Ten Days That Shook the World

John Reed

Nonfiction | Book | Adult | Published in 1919

Plot Summary
Ten Days That Shook the World is a 1919 book on the October Revolution in Russia by American journalist and socialist activist John Reed. Written in just two to three weeks, the book draws from Reed’s fresh, intense experience in Russia during the revolution, which took place in 1917. Reed gives historical background on the Bolshevik political leaders, whom he studied closely while living in Russia. He died less than a year after the book was published, and was exalted by the Russian government, which gave him an honorary gravesite at the Kremlin Wall Necropolis. Intensely emotional and vivid, the book is almost fiction-like in its larger-than-life, though scrupulously researched and historically correct, retelling of the October Revolution.

Reed begins Ten Days That Shook the World shortly before the beginning of the revolution, which coincided with a government coup in which the Leninist Bolshevik party commandeered the Russian state. The takeover ousted the conservative czarist regime and inaugurated decades of worsening chaos in Russia. Reed chronicles the political and social causes for this abrupt shift in power and its bitter consequences. Though the October Revolution lasted for less than a year, Reed argues that the Russian state’s political collapse had been made inevitable years before.

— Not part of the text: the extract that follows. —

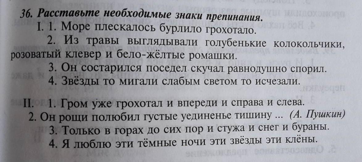 36. Расставьте необходимые знаки препинания. I. 1. Море плескалось бурлило грохотало. 2. Из травы выглядывали голубенькие колокольчики, розоватый клевер и бело-жёлтые ромашки. 3. Он состарился поседел скучал равнодушно спорил. 25 4. Звёзды то мигали слабым светом то исчезали. сан II. 1. Гром уже грохотал и впереди и справа и слева. 2. Он рощи полюбил густые уединенье тишину ... (А. Пушкин) 3. Только в горах до сих пор и стужа и снег и бураны. 4. Я люблю эти тёмные ночи эти звёзды эти клёны.

The first strong signal was growing resentment towards Russia’s czar, Nicholas II. A flurry of revolts erupted in Petrograd, the place now called St. Petersburg, forcing him to abdicate the throne, which he had occupied since 1894. Much of the czar’s power then moved into the hands of a lawyer and revolutionary hero, Aleksandr Kerensky, who helped form the Russian Provisional Government. Kerensky would go on to become Minister of Justice and Minister of War, but ultimately fail to establish stable governance. His coalition soon fell apart, as it consisted of too many socioeconomically disparate groups with very different desires for the future of Russia.



In response to growing global instability, several regressive, even proto-fascist laws were passed around the world. Of these in the United States, the Espionage Act was passed, which in the summer of 1917 made it illegal to disseminate media with anti-war sentiments. The government endowed the U.S. Post Office with special powers to intercept mail at its own discretion. Reed’s main employer at the time, the publication The Masses, was accused of defying this policy and was shut down. In its stead, the newspaper The Liberator published Max Eastman’s writings on the revolution, but heavily edited his arguments to preserve itself.

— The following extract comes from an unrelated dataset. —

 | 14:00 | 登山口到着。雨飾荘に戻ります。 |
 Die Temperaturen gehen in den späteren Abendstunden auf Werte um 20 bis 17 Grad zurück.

Reed left Russia in April 1918, via Kristiania, Norway (the city now known as Oslo). He had just been served a ban on national entry from both Russia and the United States. When he finally returned to the United States, the State Department seized his suitcases, which contained thousands of pieces of Russian propaganda, speech drafts, and newspapers. The custom officials subjected him to an intense interrogation, which lasted hours and scrupulously covered the past eight months of his life. A man named Michael Gold witnessed Reed’s detainment at the airport and attests to the fact that he was treated poorly. Reed was still sick from alkaloid poisoning, and the stress of it combined with the interrogation made him sicker. That summer, he pressed the government to return his papers, but it refused. Late the following autumn, he finally reclaimed them while living in Sheridan Square. He then set feverishly to work recording his experiences in Russia, worried that they would soon fade.

An avowed socialist, Reed spoke highly of both Trotsky and Lenin. Despite his clear political biases, the work itself refrains from promoting the Bolshevik agenda. Ten Days That Shook the World is widely viewed as a rigorous and unbiased account of the October Revolution, and a masterpiece of journalism. One of the first modern dramatic works of personal journalism, it is celebrated today for the depth of insight it provides into Russian turmoil, despite being written before that turmoil was over.